*** Block opens ***

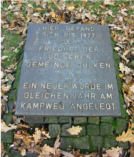
Hinweistafel auf dem Alten Judenfriedhof Venloer Straße in Viersen-Dülken (2013).

Fachsicht(en): Kulturlandschaftspflege, Landeskunde
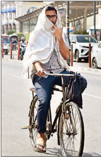
तेज धूप से बचने के लिए गमछे से खुद को ढककर जाते राहगीर।

आवेदन जमा करने की तिथि से तीन माह के अंदर निस्तारण होगा। डिफाल्ट अवधि के लिए दंड ब्याज से पूरी राहत। केवल साधारण ब्याज लिया जाएगा, इसकी गणना साँपटवेयर से होगी। ओटीएस की पूरी राशि 30 दिन में जमा करने पर तीन प्रतिशत छूट मिलेगी। ओटीएस की रकम 50 लाख रुपये से अधिक है तो एक तिहाई भुगतान 30 दिन में और बाकी तीन द्विमासिक किस्त में छह माह में देना होगा। समय से पैसा न देने पर अतिरिक्त दंड ब्याज के साथ एक माह में जमा करने का मौका मिलेगा।
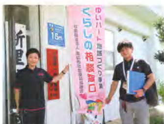
くらしの相談窓口 (公民館)
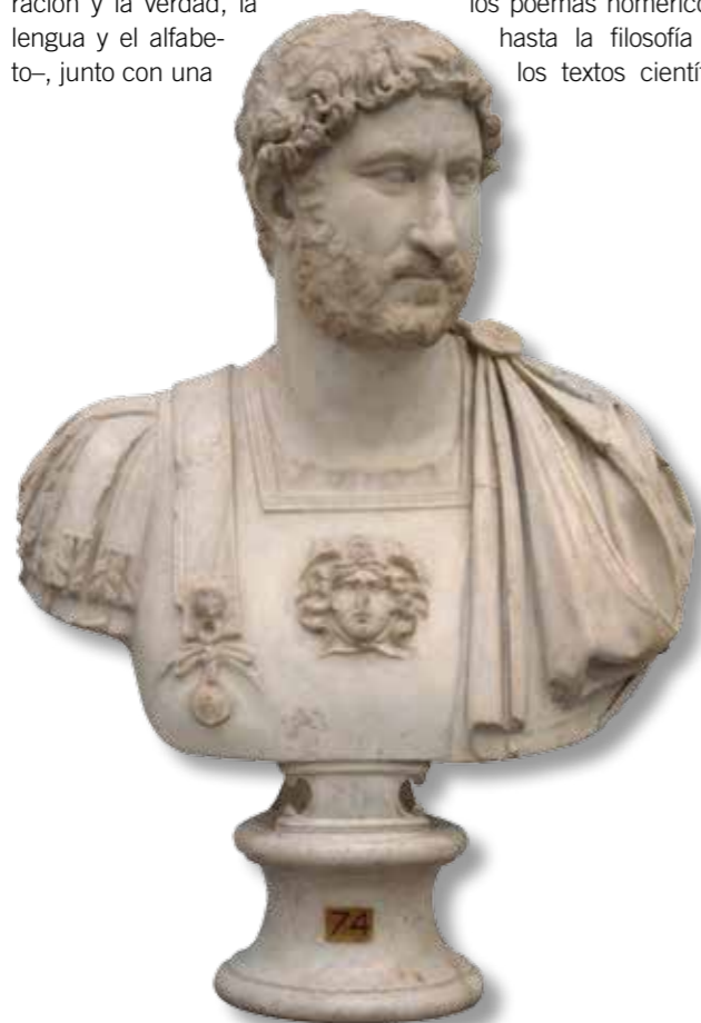
Busto del emperador romano ADRIANO, Museos Vaticanos. Más arriba, medallón de ALEJANDRO MAGNO como el dios Helios, Museo del Louvre.
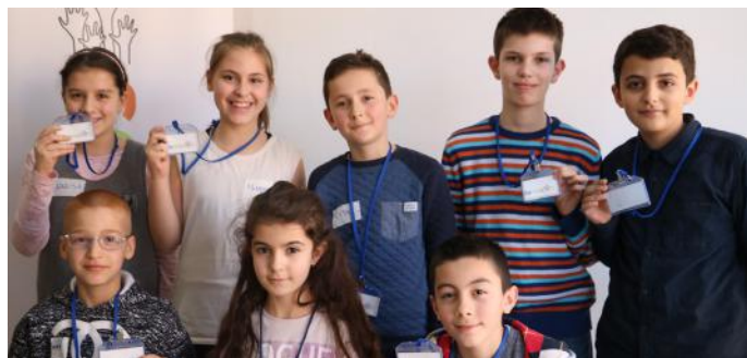
Gazetarët e ardhshëm të demokracisë

Kuvendi i Republikës së Kosovës vazhdoi punën e tij në mënyrë të pavarur që nga data 17 shkurt 2008, atëherë kur u shpall Pavarësia e Kosovës. Në Punëtorinë e Demokracisë sot ne mësuam se Kuvendi i Kosovës ka gjithsej 120 deputetë, prej të cilëve 100 janë shqiptarë, kurse 10 të tjerë janë serbë, dhe 10 të tjerë janë deputetë të komuniteteve të ndryshme jo shumicë.

*** Block closes ***

### What is expected
From the first line to the last, copy the records exactly and skip the pictures.

### Exercise answer
Hinweistafel auf dem Alten Judenfriedhof Venloer Straße in Viersen-Dülken (2013).

Fachsicht(en): Kulturlandschaftspflege, Landeskunde
तेज धूप से बचने के लिए गमछे से खुद को ढककर जाते राहगीर।

आवेदन जमा करने की तिथि से तीन माह के अंदर निस्तारण होगा। डिफाल्ट अवधि के लिए दंड ब्याज से पूरी राहत। केवल साधारण ब्याज लिया जाएगा, इसकी गणना साँपटवेयर से होगी। ओटीएस की पूरी राशि 30 दिन में जमा करने पर तीन प्रतिशत छूट मिलेगी। ओटीएस की रकम 50 लाख रुपये से अधिक है तो एक तिहाई भुगतान 30 दिन में और बाकी तीन द्विमासिक किस्त में छह माह में देना होगा। समय से पैसा न देने पर अतिरिक्त दंड ब्याज के साथ एक माह में जमा करने का मौका मिलेगा।
くらしの相談窓口 (公民館)
Busto del emperador romano ADRIANO, Museos Vaticanos. Más arriba, medallón de ALEJANDRO MAGNO como el dios Helios, Museo del Louvre.
Gazetarët e ardhshëm të demokracisë

Kuvendi i Republikës së Kosovës vazhdoi punën e tij në mënyrë të pavarur që nga data 17 shkurt 2008, atëherë kur u shpall Pavarësia e Kosovës. Në Punëtorinë e Demokracisë sot ne mësuam se Kuvendi i Kosovës ka gjithsej 120 deputetë, prej të cilëve 100 janë shqiptarë, kurse 10 të tjerë janë serbë, dhe 10 të tjerë janë deputetë të komuniteteve të ndryshme jo shumicë.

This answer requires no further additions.